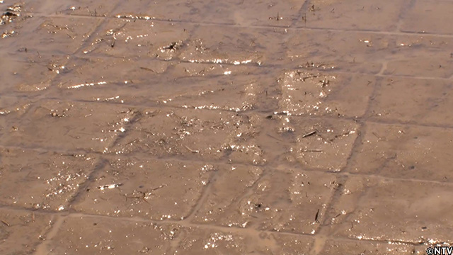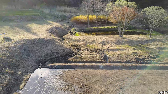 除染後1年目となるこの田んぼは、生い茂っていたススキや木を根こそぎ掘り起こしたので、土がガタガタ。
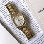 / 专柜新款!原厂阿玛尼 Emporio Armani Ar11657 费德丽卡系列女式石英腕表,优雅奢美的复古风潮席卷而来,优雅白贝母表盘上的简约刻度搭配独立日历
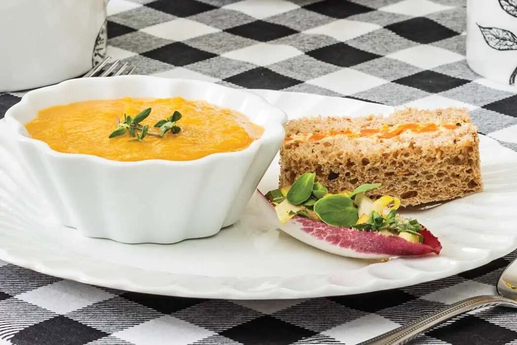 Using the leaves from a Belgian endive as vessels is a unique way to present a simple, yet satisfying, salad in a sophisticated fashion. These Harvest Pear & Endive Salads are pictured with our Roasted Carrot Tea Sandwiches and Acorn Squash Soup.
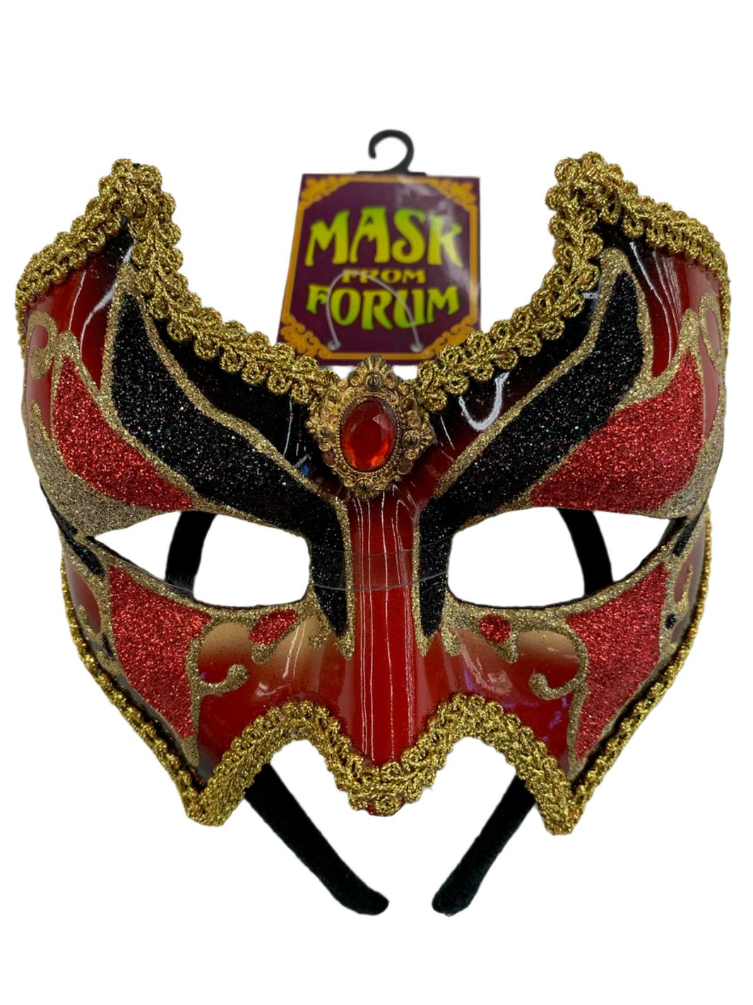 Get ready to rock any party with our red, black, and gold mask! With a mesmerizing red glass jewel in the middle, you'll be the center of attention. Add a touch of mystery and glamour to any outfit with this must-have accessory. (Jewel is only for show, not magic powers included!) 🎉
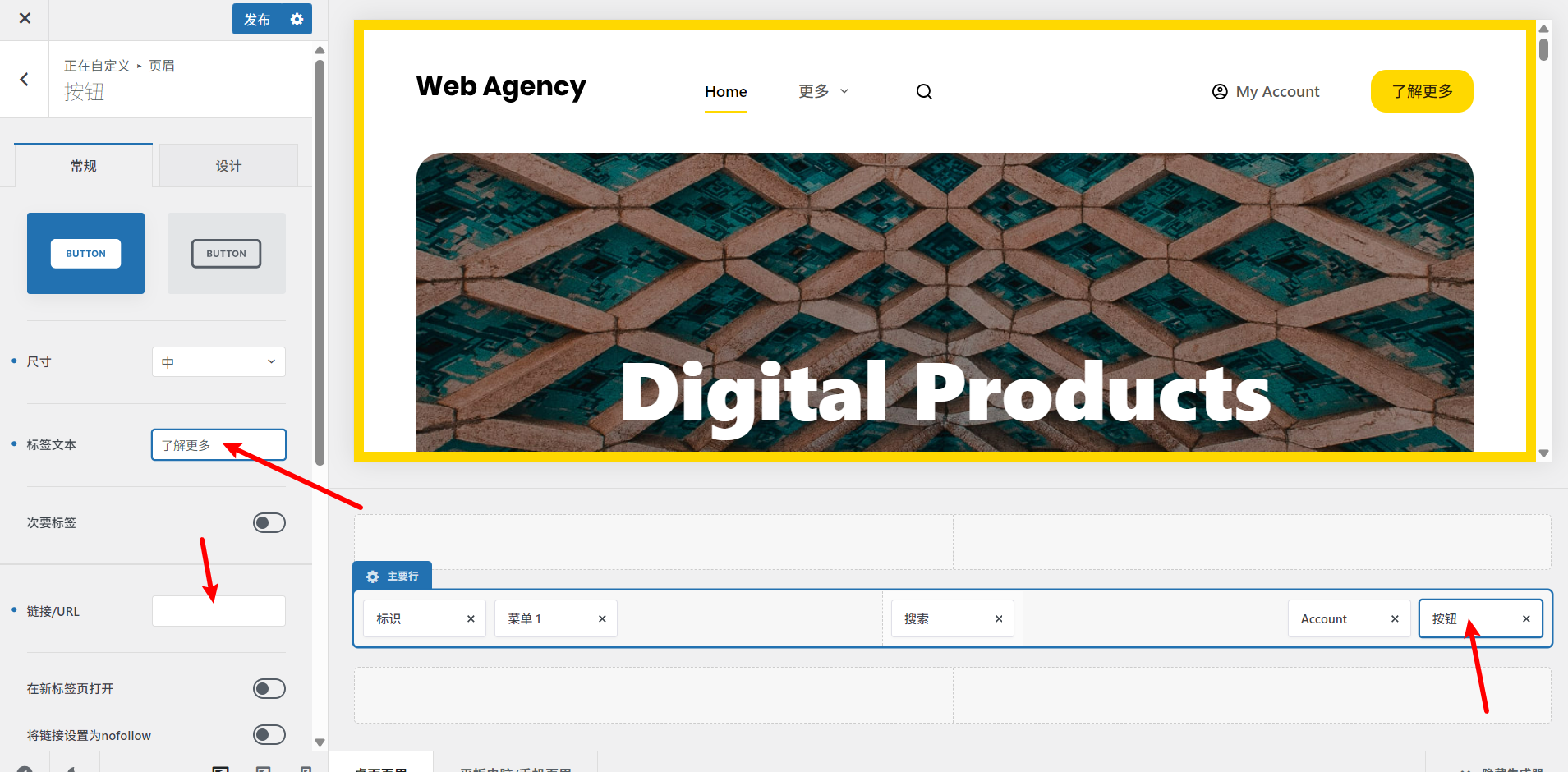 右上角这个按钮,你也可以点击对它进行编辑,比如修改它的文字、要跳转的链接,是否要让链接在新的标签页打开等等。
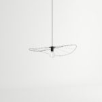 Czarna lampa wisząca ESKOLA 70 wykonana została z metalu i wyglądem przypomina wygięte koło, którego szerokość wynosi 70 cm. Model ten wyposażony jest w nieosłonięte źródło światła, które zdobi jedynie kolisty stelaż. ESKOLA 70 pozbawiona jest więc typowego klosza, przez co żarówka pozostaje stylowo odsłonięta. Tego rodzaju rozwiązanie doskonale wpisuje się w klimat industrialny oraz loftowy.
==
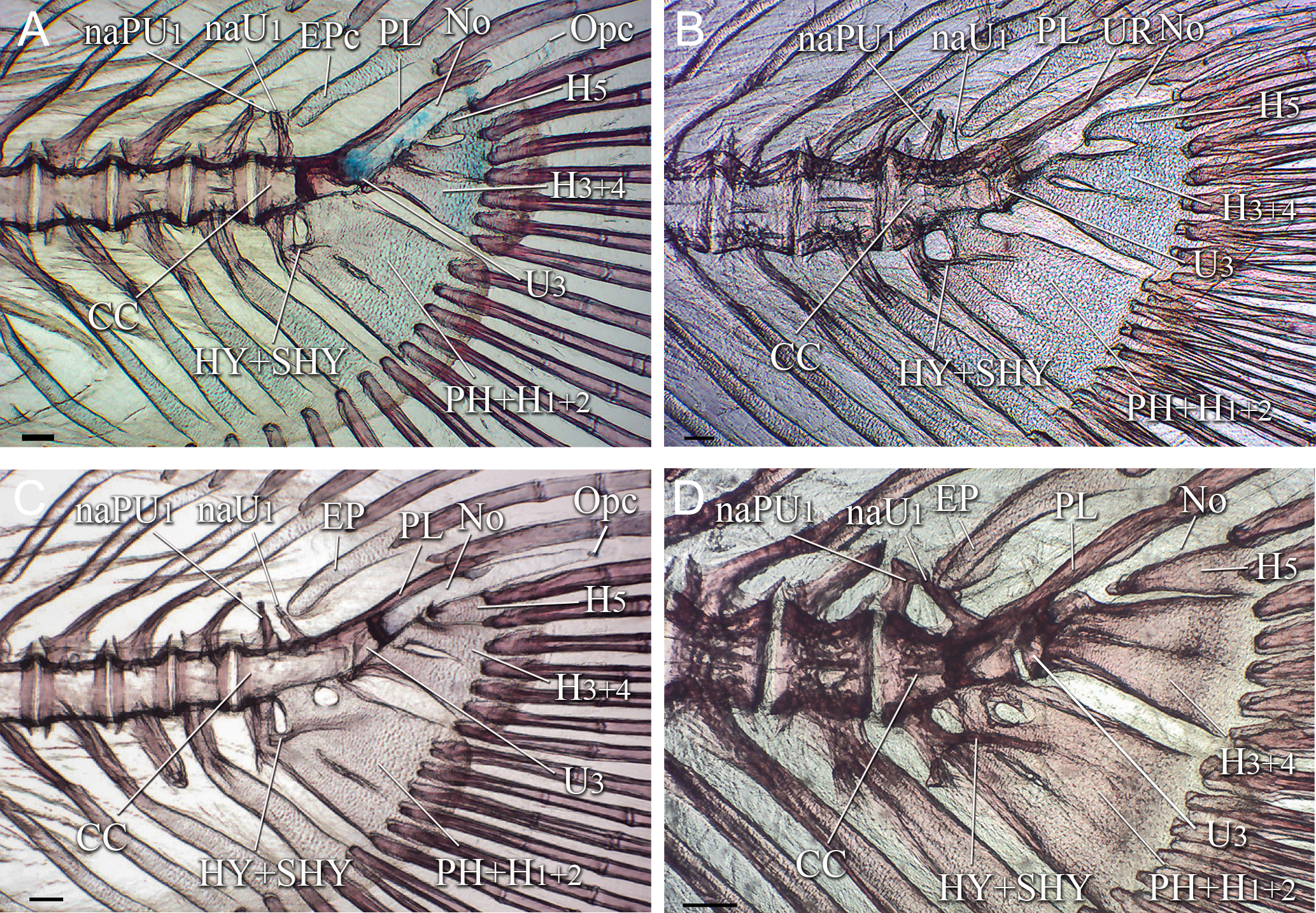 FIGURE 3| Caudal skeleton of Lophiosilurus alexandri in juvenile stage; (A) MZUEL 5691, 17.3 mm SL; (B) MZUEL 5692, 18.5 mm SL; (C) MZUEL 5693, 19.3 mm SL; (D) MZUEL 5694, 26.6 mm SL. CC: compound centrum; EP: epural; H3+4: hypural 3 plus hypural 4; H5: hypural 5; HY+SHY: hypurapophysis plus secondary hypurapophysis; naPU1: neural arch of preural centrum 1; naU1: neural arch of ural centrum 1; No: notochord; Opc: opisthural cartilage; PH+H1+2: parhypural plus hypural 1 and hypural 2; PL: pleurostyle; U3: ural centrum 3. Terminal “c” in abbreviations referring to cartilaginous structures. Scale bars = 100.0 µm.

#### What to work on:
Take the material above from the line containing "Get ready to" up to and including the line containing "Czarna lampa wisząca" and retype it exactly, without any pictures.

#### Output for this exercise:
 Get ready to rock any party with our red, black, and gold mask! With a mesmerizing red glass jewel in the middle, you'll be the center of attention. Add a touch of mystery and glamour to any outfit with this must-have accessory. (Jewel is only for show, not magic powers included!) 🎉
 右上角这个按钮,你也可以点击对它进行编辑,比如修改它的文字、要跳转的链接,是否要让链接在新的标签页打开等等。
 Czarna lampa wisząca ESKOLA 70 wykonana została z metalu i wyglądem przypomina wygięte koło, którego szerokość wynosi 70 cm. Model ten wyposażony jest w nieosłonięte źródło światła, które zdobi jedynie kolisty stelaż. ESKOLA 70 pozbawiona jest więc typowego klosza, przez co żarówka pozostaje stylowo odsłonięta. Tego rodzaju rozwiązanie doskonale wpisuje się w klimat industrialny oraz loftowy.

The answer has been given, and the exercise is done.